Exemptions and Notification Responsibility
The standard also outlines cases that are exempt from notification, such as when one party already holds more than 50% of another or when multiple parties involved in the concentration are already commonly controlled. Furthermore, the specification identifies the parties responsible for notification. In mergers, all merging parties are responsible; in acquisitions, it is the party acquiring control. Delegated representatives may file on behalf of others, but liability for compliance remains.
Filing Documentation and Formats
Filing materials must adhere to the formats provided in Appendices C and D. These include comprehensive disclosures such as company structure, control relationships, financial data, turnover breakdowns, business descriptions, transaction terms, and competition impact analyses. The specification differentiates between standard and simplified filings. Simplified procedures apply to transactions with limited competitive overlap or those involving foreign entities with no economic activity in China. However, simplified treatment is denied in cases where markets are difficult to define or competition concerns exist.
Submission Procedures and Timeline
The submission process requires online filing via SAMR’s antitrust platform, with both confidential and non-confidential versions of the documents. The standard provides a full process flow for pre-filing consultations, determination of filing requirements, preparation of documents, acceptance, and review. SAMR conducts a 30-day preliminary review upon acceptance, which may be followed by a 90-day further review period. In complex cases, this may be extended by an additional 60 days. If key issues arise, the review period may be suspended.
Public Disclosure and Simplified Cases
Public disclosure is mandated for simplified cases, with a ten-day comment period during which third parties may raise objections. If material changes occur after submission, the notifying party must update or refile. The review may result in unconditional clearance, conditional approval, or prohibition of the transaction, depending on its competitive impact.

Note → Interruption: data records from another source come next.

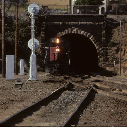 railroad east after exiting the last tunnel on the commute line. |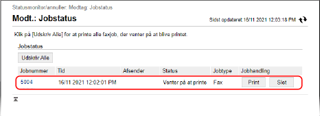 Når du klikker på jobnummeret, vises skærmen [Jobdetaljer]. Du kan få vist modtagelsestiden og antallet af sider, og se eksempelvisning af fax.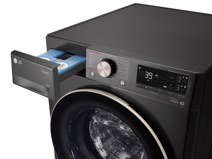 Tổng quan Loại máy giặt: Cửa trước Lồng giặt: Lồng ngang Khối lượng giặt: 14 Kg Số người sử dụng: Trên 7 người (Trên 10 kg) Kiểu động cơ: Truyền động trực tiếp - sử dụng trí tuệ nhân tạo Tốc độ quay vắt tối đa: 1400 vòng/phút Chất liệu lồng giặt: Thép không gỉ Chất liệu vỏ máy: Kim loại sơn tĩnh điện Chất liệu nắp máy: Kính chịu lực Sản xuất tại: Trung Quốc Dòng sản phẩm: 2023 Mức tiêu thụ điện năng Hiệu suất sử dụng điện: 19.39 Wh/kg Loại Inverter: Công nghệ Inverter Chương trình giặt: Chu trình tải về TurboWash 39 Vải bông Vải bông + Giặt + sấy Giặt ngừa dị ứng Giặt nhanh 14 phút Giặt nhẹ Giặt tay + đồ len Làm mới quần áo bằng hơi nước Sấy Vệ sinh lồng giặt Đồ hỗn hợp Đồ tinh xảo Công nghệ giặt: Công nghệ AI DD bảo vệ sợi vải, Công nghệ TurboWash360 Công nghệ sấy: Không có Bảng điều khiển: Song ngữ Anh - Việt có nút xoay, cảm ứng và màn hình hiển thị Thông tin lắp đặt Kích thước, khối lượng: Cao 85 cm - Ngang 60 cm - Sâu 61.5 cm - Nặng 73 kg Hãng: LG.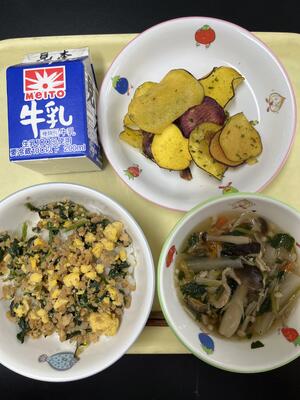 【今日の献立】ごはん さんしょくそぼろ きのこさわにわん さつまチップス 牛乳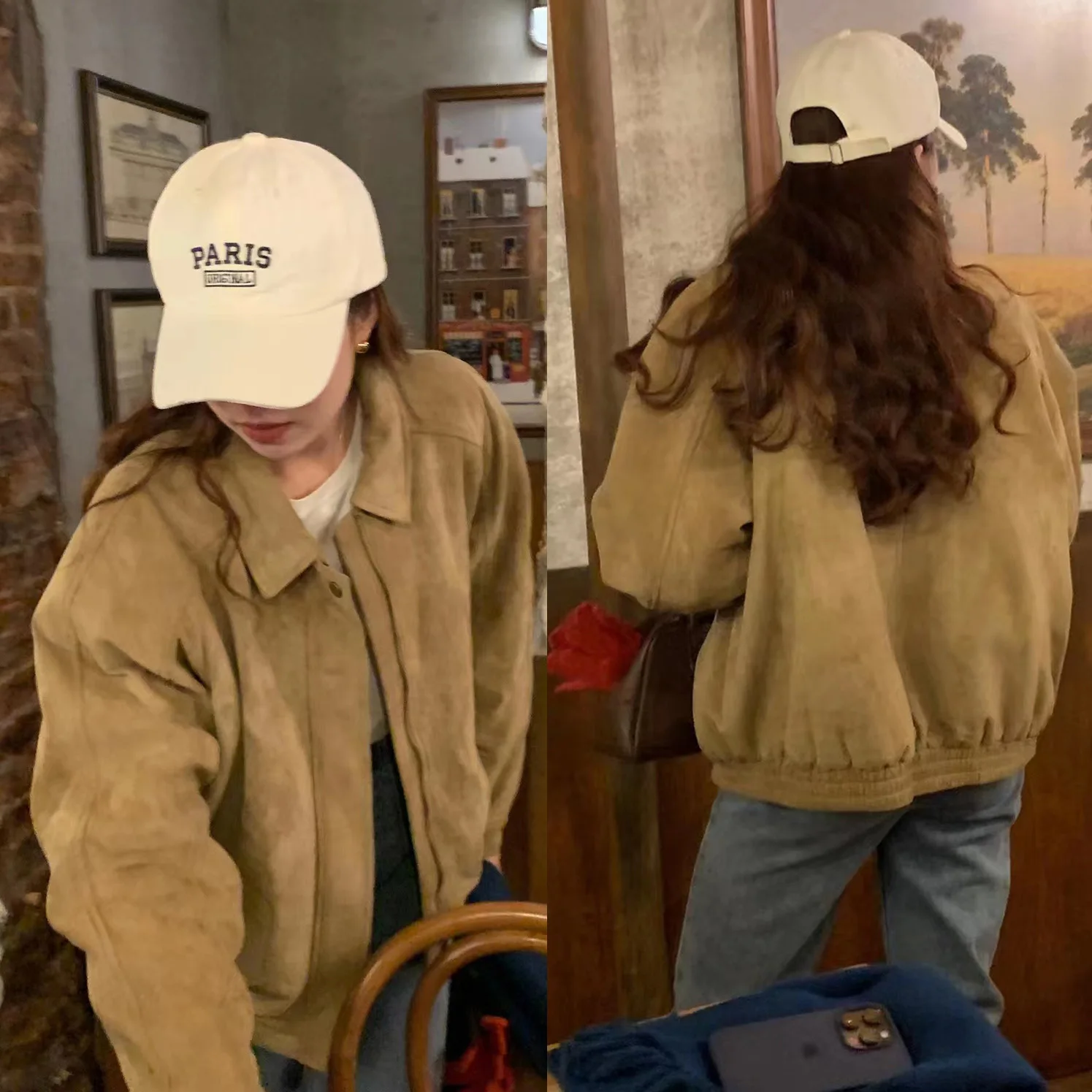 레트로 브라운 가죽 재킷 루즈핏 스타일리시 모터사이클 코트 가을 신상 여성용 숏 아우터웨어 폴리에스터 섬유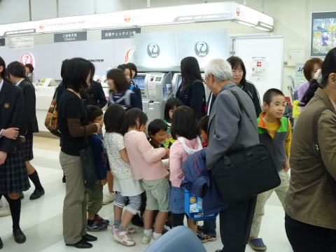 | お友達の見送りへ。 今日は転出される方が多かったようで、空港ビルの前では大きな輪がいくつも出来ていました。 |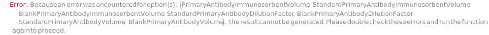 Default Calculation: If BlankSecondaryAntibody is specified and BlankSecondaryAntibodyDilutionFactor is not Null or 1, automatically set to 1.1*BlankSecondaryAntibodyImmunosorbentVolume/BlankSecondaryAntibodyDilutionFactor.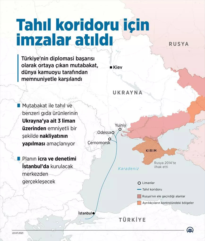 Cumhurbaşkanı Recep Tayyip Erdoğan’ın himayelerinde, bugün İstanbul’da, Türkiye, Rusya, Ukrayna ve Birleşmiş Milletler (BM) arasında “Tahıl ve Yiyecek Maddelerinin Ukrayna Limanlarından Emniyetli Sevki Girişimi Belgesi” imzalanmıştı.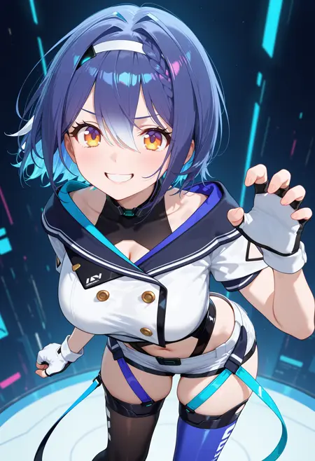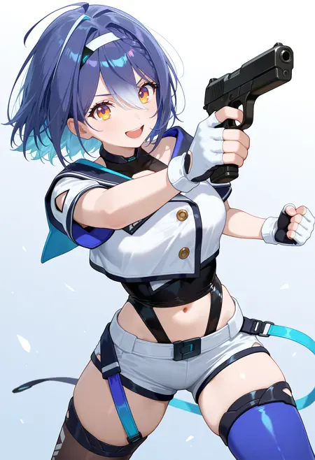 outfit3-2ccetra, short hair, multicolored hair, blue hair, white hairband, hair ornament, leotard under clothes, black leotard, cropped jacket, white jacket, short sleeves, fingerless gloves, white gloves, navel cutout, white shorts, mismatched legwear, blue thighhighs, black thighhighs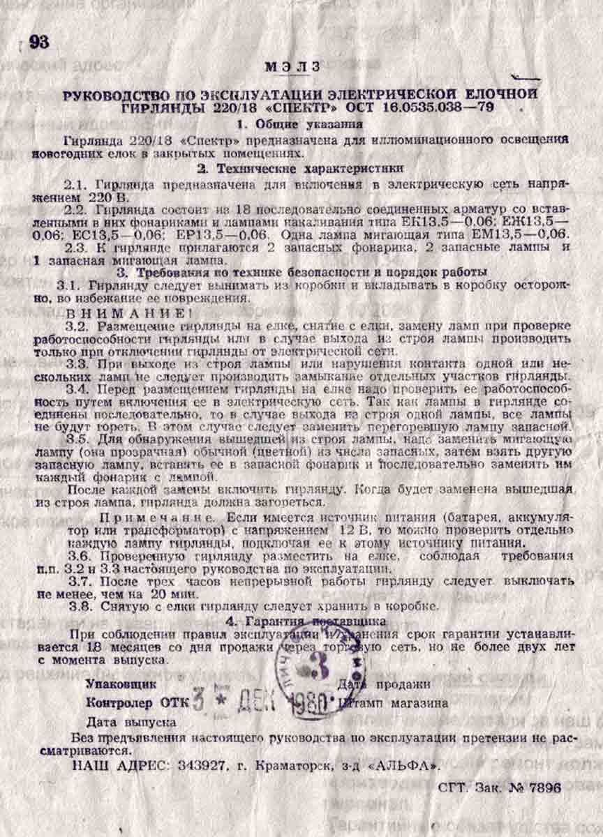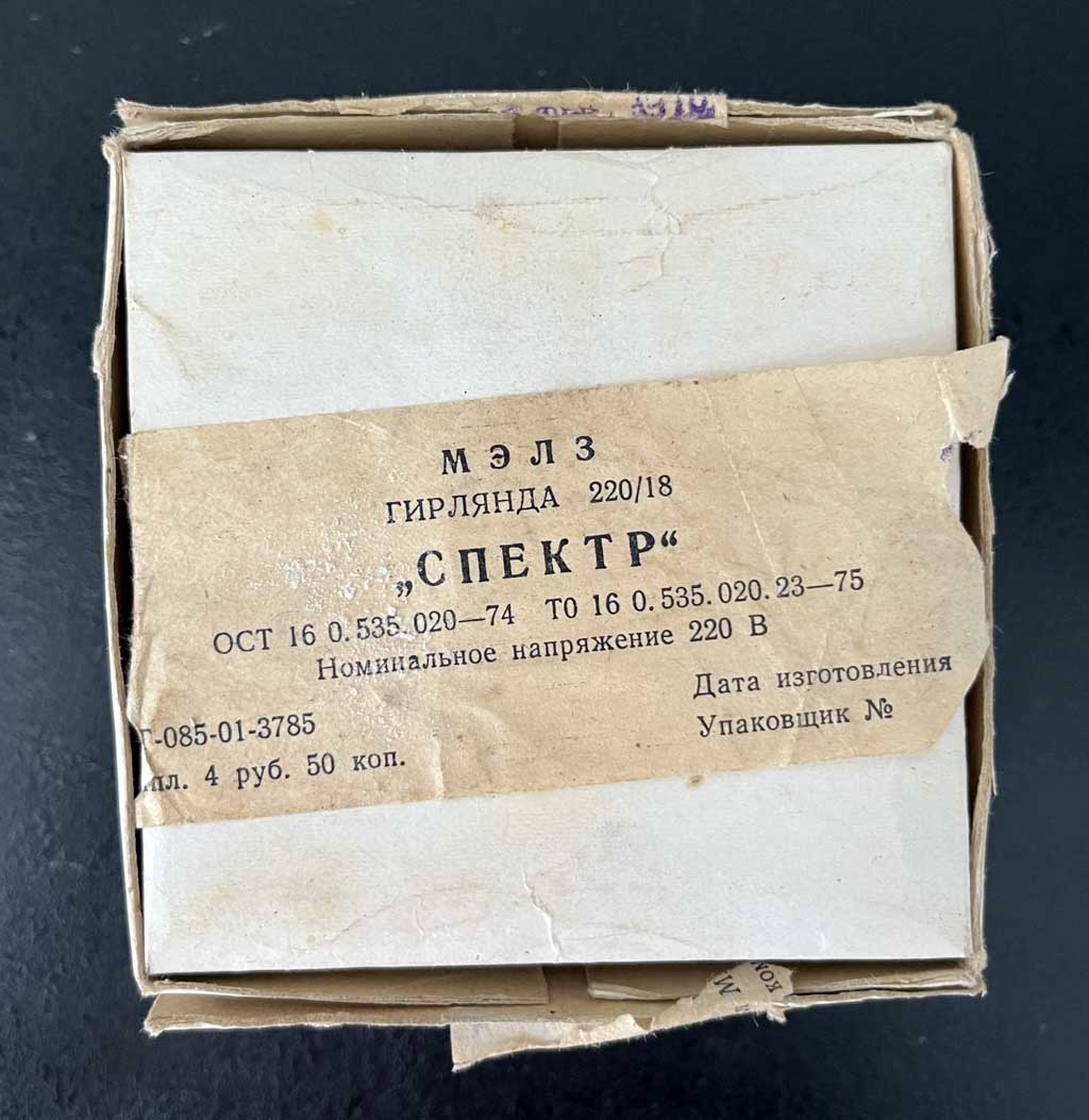 Ёлочная гирлянда "Спектр" выпускалась возможно с 1977 года филиалом Московского электролампового завода, Краматорским заводом "Альфа". Питание сеть 220 В. Ламп в гирлянде 18. Одна лампа мигающая.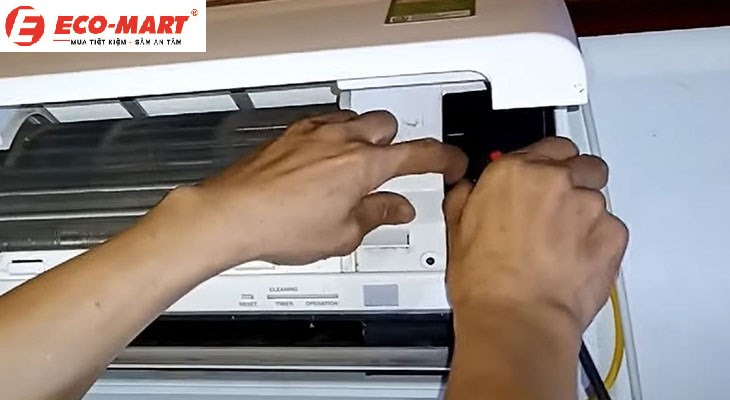Các bạn tắt Aptomat của điều hòa để ngắt nguồn điện trước. rồi dùng tua vít tháo mặt nạ của mặt lạnh điều hoà ra. Sau đó các bạn kiểm tra dây nguồn nối từ cảm biến đến mạch điều khiển, nếu bị đứt thì các bạn nối lại, hoặc không bị đứt thì các bạn rút đầu dây ra cắm lại là được.
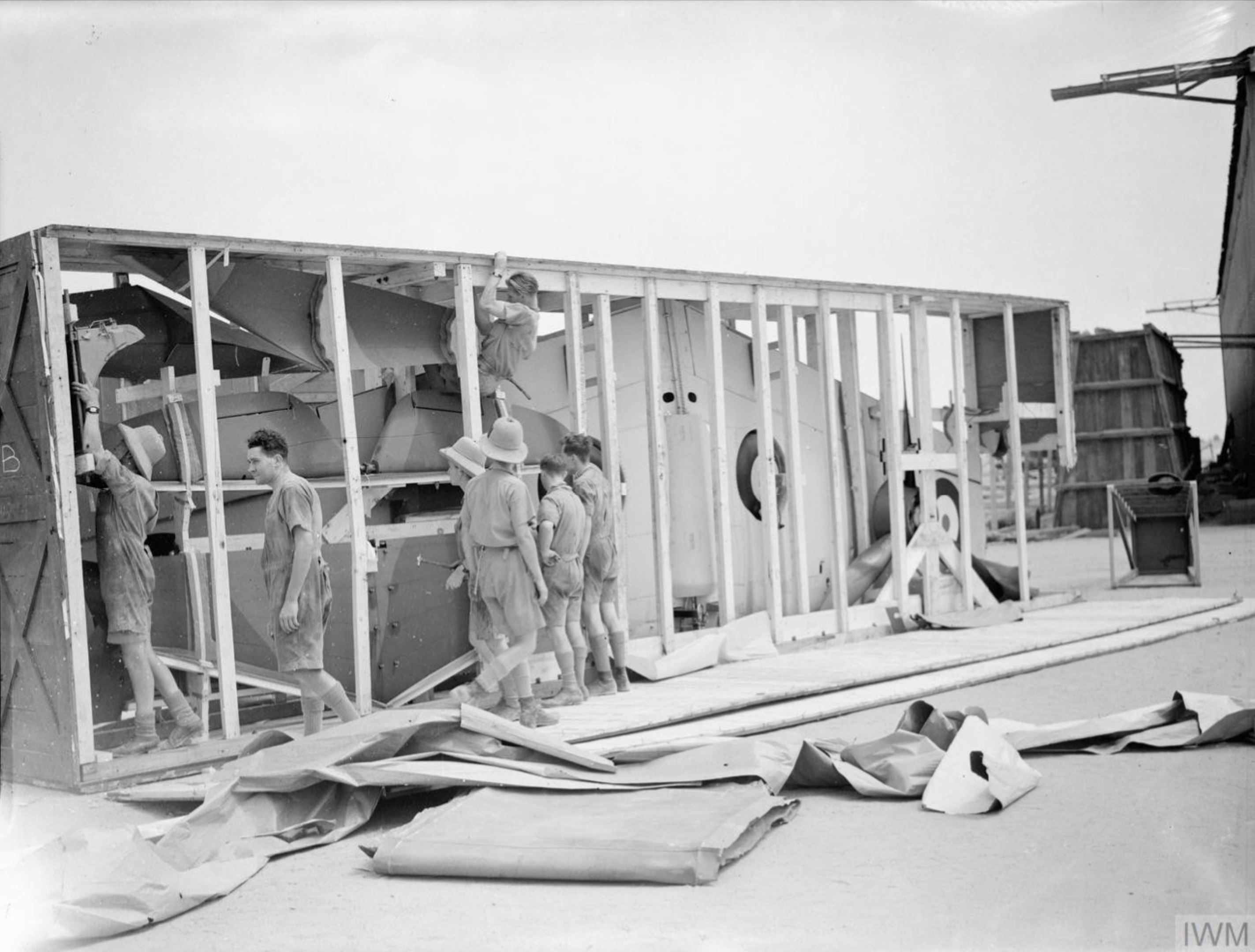 Curtiss Tomahawk IIb RAF 107MU RAF Fitters uncrate the wing and tailplane sections at Kasfareet Egypt IWM CM1096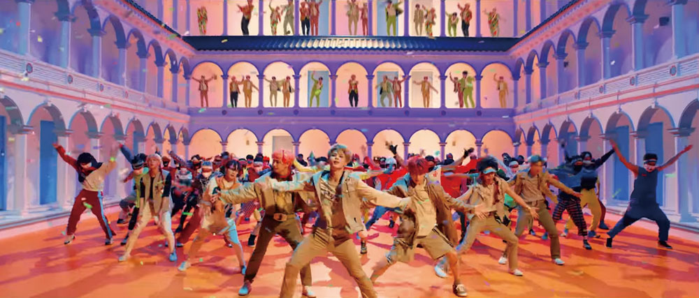 BTS의 비디오 피땀눈물, Fake Love, IDOL, Boy with Luv에 등장하는 화면들 은 현란하기까지 하다. 심지어 불교 만다라를 연상하게 하는 자유분방함도 드러 난다. 색의 스펙트럼을 전부 사용하고 있는 과한 칼라 구성임에도 놀랍도록 아름 다운 느낌을 준다. 형광색까지 과감하게 사용하는 구성에서 건축 또한 등장한다.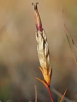 Die Kapselfrucht ist lang gestielt.[3] Die Samen sind bei einer Länge von etwa 1,5 Millimetern spindelförmig und ungeflügelt.[3]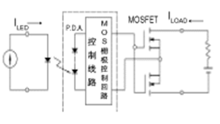 圖1表示FET型半導體繼電器是一種最基本的電路。該電路因輸出元件的功率MOSFET是電壓驅動型元件,因此,由于光電二極管陣列(P.D.A)供給的電壓,而柵極電容被充電,通過使柵極電壓上升到開啟電壓值(門檻電壓),就可使繼電器動作。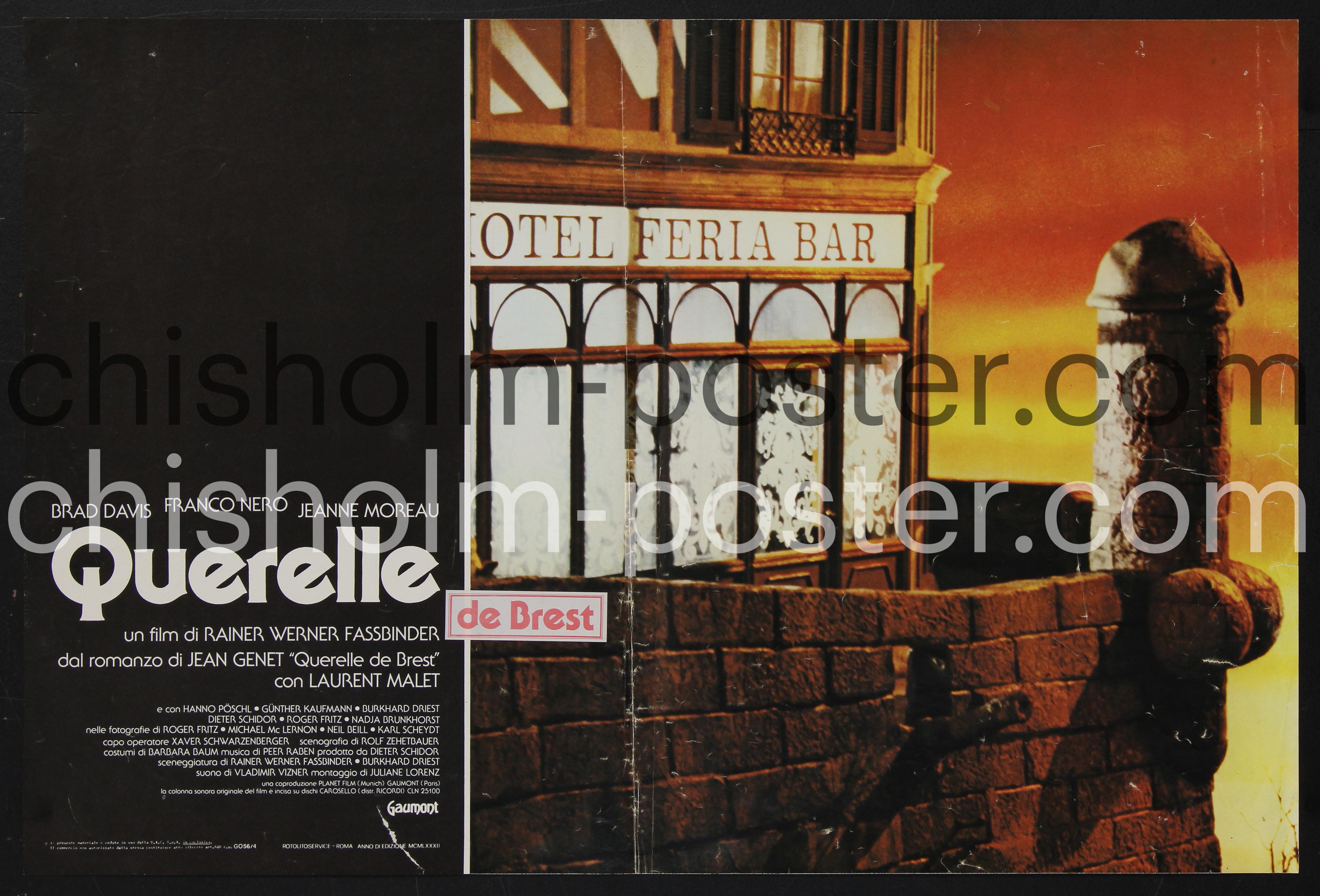 Italian release poster for Querelle (known in Italy as Querelle de Brest and sometimes Querelle), "a 1982 English-language erotic art film directed by Rainer Werner Fassbinder. The film stars Brad Davis and was adapted from French author Jean Genet's 1947 novel Querelle of Brest. The plot centers on the Belgian sailor Georges Querelle, who is both a thief and murderer. It was Fassbinder's last film, released shortly after his death at the age of 37." (Wikipedia)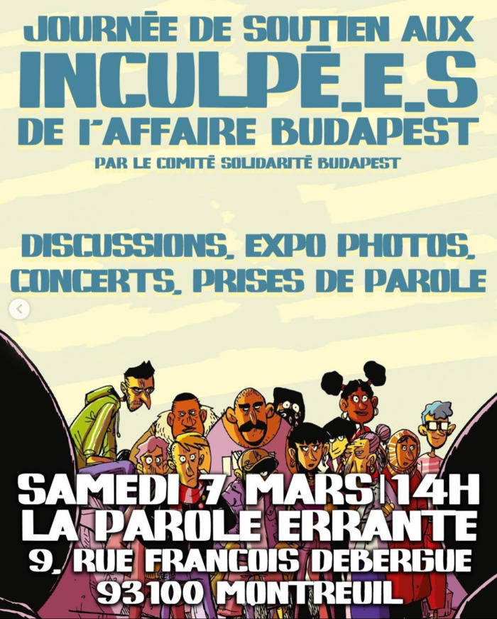 | 07.03.2026 | 14:00 | Montreuil | Journée de soutien aux inculpé•es de l'affaire BudapestDiscription: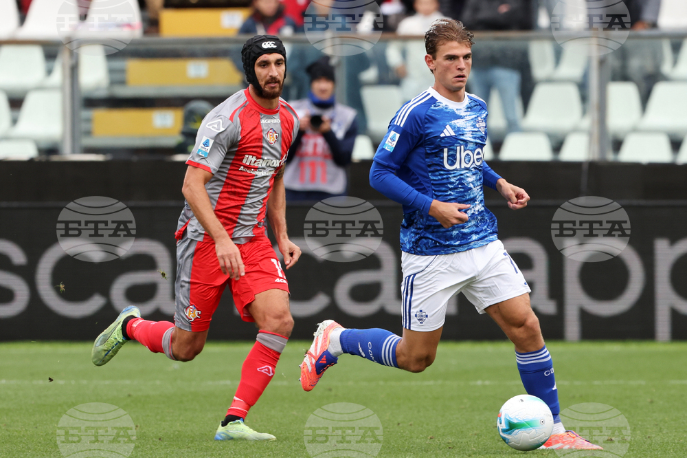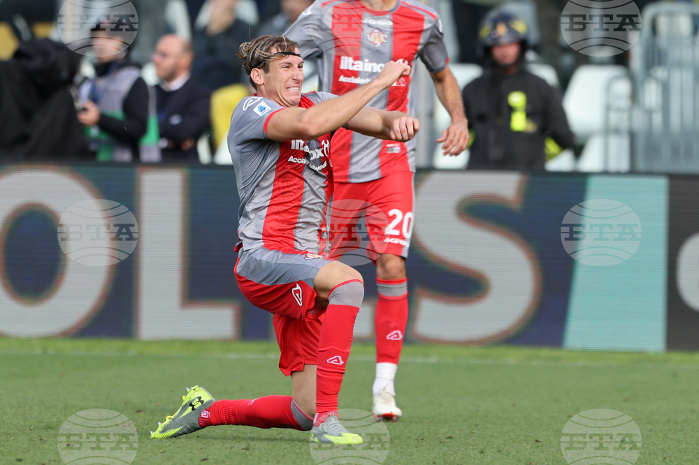 Cremonese's Federico Baschirotto celebrates scoring during the Serie A soccer match between Como and Cremonese at the Giuseppe Sinigaglia stadium in Como, Italy, Saturday Sept. 27, 2025. (Antonio Saia/LaPresse via AP)

Market Definition and Competition Assessment
The specification also includes detailed guidance on calculating turnover (including for financial institutions), defining control, and identifying relevant markets based on demand and supply substitutability. It introduces quantitative tools such as HHI and CRn indexes to assess market concentration levels. Parties must provide supporting data and explanations regarding market structure, barriers to entry, efficiency gains, and the transaction’s effects on suppliers, consumers, innovation, and public interest.
Comment
By establishing a unified, transparent, and enforceable system for merger control, the standard will facilitate legal compliance, promote competition, and align China’s practices more closely with international norms. Businesses engaging in mergers and acquisitions with a nexus to China should carefully study the new requirements and ensure timely and accurate notification where applicable.